Exercise:
Your task is to copy the stretch of lines in the records below that begins with the line containing "7. 斗篷披風:可愛嬰兒藍." and ends with the line containing "皮卡四驅易燃液體運輸車上裝配", exactly as written, with nothing added.

Dataset records
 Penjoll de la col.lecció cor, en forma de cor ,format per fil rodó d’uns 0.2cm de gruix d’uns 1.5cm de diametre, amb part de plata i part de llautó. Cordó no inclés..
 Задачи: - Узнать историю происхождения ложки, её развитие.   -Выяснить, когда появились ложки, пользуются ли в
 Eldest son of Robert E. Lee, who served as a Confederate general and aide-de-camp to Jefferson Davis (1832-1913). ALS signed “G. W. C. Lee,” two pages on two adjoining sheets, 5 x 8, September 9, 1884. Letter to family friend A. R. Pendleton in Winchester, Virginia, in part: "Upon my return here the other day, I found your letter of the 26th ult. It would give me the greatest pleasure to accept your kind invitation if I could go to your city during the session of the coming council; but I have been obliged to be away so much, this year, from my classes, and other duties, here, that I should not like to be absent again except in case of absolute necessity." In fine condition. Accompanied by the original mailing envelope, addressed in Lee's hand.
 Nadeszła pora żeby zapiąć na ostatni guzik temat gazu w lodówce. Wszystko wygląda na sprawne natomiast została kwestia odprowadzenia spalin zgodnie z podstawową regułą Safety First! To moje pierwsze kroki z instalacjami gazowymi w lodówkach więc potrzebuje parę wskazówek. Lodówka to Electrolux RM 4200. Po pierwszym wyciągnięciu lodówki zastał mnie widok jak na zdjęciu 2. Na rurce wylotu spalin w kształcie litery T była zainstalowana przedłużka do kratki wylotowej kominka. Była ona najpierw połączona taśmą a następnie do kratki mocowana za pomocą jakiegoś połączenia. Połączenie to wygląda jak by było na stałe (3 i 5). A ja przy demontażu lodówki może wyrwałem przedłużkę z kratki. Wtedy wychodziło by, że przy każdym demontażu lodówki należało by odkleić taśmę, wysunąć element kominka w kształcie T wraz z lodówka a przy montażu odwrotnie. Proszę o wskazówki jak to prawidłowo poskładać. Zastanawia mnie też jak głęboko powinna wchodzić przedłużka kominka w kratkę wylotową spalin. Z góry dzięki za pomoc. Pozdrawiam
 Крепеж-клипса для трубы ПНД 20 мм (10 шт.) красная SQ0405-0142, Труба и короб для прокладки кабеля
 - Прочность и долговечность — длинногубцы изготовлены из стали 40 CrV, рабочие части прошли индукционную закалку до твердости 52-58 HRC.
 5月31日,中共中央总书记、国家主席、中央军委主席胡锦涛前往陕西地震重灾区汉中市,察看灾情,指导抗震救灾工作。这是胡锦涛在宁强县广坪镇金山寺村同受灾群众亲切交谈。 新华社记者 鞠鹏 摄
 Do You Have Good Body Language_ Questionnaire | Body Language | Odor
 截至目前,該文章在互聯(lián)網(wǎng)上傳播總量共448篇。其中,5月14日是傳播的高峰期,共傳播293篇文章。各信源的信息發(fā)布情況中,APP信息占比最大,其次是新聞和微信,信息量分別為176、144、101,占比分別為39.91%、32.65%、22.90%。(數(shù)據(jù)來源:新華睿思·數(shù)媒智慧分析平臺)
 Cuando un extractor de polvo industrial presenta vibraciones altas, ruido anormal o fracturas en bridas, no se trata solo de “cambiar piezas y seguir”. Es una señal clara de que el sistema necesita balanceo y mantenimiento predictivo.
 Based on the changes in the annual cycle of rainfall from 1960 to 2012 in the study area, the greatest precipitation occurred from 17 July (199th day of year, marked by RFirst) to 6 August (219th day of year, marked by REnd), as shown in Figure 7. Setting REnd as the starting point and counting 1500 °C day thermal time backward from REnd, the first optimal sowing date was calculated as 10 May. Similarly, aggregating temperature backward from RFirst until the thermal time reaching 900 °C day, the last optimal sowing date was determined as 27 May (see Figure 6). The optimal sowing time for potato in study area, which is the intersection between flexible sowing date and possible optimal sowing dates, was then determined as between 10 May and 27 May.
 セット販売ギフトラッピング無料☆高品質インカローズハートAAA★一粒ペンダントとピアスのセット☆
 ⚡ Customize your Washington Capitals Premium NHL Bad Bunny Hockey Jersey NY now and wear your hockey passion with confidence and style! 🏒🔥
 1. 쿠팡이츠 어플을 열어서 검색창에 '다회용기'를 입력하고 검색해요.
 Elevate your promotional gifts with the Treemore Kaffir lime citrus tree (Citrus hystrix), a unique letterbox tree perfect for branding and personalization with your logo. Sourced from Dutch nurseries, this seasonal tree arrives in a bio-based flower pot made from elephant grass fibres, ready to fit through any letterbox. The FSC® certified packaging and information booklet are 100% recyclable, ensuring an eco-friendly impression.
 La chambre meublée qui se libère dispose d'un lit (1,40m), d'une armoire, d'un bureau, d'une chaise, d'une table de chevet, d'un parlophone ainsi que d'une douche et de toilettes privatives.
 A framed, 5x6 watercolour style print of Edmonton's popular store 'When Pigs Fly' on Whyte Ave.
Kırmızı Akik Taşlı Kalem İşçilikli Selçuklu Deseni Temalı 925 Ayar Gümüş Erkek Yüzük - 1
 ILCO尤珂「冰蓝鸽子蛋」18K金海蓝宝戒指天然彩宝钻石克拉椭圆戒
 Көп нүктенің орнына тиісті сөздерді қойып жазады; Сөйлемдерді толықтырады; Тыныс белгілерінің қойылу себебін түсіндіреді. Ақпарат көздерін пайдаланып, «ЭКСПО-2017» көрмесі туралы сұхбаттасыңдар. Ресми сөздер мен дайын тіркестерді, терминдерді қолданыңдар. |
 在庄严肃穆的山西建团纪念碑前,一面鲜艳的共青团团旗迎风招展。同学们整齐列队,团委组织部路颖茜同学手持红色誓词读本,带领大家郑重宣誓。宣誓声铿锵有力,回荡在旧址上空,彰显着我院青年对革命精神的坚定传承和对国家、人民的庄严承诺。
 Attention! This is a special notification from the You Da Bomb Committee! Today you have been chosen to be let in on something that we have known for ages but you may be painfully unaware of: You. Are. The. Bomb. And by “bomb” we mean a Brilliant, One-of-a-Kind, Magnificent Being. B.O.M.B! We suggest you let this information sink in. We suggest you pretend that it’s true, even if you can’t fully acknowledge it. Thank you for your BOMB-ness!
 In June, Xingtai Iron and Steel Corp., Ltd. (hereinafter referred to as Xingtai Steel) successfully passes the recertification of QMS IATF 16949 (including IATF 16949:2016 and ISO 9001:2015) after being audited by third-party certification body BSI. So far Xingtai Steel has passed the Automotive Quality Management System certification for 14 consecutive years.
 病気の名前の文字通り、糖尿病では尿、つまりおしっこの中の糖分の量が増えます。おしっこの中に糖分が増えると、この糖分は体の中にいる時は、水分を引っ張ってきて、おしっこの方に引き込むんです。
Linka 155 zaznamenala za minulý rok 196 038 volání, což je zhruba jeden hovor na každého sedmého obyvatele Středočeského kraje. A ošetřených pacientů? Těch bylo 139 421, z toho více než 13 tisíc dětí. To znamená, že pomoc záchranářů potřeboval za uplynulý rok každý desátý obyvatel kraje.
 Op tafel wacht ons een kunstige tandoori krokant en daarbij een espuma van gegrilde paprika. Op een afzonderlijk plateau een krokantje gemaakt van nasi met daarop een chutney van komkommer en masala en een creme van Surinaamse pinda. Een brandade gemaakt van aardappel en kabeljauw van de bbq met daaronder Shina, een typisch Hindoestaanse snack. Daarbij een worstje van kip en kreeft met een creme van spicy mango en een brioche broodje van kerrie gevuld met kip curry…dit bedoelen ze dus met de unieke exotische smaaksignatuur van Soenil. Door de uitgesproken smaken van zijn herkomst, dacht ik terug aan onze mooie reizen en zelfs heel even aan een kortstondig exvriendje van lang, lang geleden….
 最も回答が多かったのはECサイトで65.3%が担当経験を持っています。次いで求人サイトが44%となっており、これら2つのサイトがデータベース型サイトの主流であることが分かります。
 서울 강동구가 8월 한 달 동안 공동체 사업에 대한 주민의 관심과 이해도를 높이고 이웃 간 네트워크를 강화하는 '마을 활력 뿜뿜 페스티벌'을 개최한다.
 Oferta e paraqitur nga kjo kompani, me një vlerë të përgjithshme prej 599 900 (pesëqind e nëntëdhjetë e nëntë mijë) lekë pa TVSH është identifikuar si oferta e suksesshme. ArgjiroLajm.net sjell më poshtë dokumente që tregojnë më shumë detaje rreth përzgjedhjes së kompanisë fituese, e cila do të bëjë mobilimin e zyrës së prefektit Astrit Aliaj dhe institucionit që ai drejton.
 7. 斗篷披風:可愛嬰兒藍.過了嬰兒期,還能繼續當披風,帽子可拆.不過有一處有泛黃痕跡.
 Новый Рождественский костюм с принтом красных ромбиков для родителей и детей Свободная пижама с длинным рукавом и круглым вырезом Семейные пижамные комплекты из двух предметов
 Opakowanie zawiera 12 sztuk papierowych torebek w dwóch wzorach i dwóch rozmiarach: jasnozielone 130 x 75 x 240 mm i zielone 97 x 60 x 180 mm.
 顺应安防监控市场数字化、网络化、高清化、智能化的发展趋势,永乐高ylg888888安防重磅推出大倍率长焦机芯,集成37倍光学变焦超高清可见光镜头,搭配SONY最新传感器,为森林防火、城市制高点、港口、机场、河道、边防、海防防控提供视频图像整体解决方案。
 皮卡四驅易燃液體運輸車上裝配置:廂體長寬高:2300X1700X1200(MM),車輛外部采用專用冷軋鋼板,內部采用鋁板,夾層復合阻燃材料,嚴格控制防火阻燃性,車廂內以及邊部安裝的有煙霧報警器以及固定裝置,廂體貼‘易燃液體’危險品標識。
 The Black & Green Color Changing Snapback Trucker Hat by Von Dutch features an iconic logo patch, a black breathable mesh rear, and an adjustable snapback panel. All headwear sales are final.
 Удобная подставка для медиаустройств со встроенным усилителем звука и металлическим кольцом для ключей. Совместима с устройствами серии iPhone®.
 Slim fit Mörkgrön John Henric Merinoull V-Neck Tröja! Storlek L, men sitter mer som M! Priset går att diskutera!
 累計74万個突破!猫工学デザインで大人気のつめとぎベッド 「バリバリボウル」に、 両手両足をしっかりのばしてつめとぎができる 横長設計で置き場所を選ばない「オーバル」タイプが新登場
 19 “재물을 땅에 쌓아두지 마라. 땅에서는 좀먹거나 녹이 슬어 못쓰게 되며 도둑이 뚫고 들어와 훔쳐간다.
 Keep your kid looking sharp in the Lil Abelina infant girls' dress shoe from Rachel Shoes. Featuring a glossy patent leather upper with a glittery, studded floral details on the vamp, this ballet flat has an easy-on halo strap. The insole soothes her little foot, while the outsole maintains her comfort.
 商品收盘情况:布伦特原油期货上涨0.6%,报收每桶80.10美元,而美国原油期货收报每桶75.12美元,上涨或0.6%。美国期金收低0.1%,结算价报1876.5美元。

Answer:
 7. 斗篷披風:可愛嬰兒藍.過了嬰兒期,還能繼續當披風,帽子可拆.不過有一處有泛黃痕跡.
 Новый Рождественский костюм с принтом красных ромбиков для родителей и детей Свободная пижама с длинным рукавом и круглым вырезом Семейные пижамные комплекты из двух предметов
 Opakowanie zawiera 12 sztuk papierowych torebek w dwóch wzorach i dwóch rozmiarach: jasnozielone 130 x 75 x 240 mm i zielone 97 x 60 x 180 mm.
 顺应安防监控市场数字化、网络化、高清化、智能化的发展趋势,永乐高ylg888888安防重磅推出大倍率长焦机芯,集成37倍光学变焦超高清可见光镜头,搭配SONY最新传感器,为森林防火、城市制高点、港口、机场、河道、边防、海防防控提供视频图像整体解决方案。
 皮卡四驅易燃液體運輸車上裝配置:廂體長寬高:2300X1700X1200(MM),車輛外部采用專用冷軋鋼板,內部采用鋁板,夾層復合阻燃材料,嚴格控制防火阻燃性,車廂內以及邊部安裝的有煙霧報警器以及固定裝置,廂體貼‘易燃液體’危險品標識。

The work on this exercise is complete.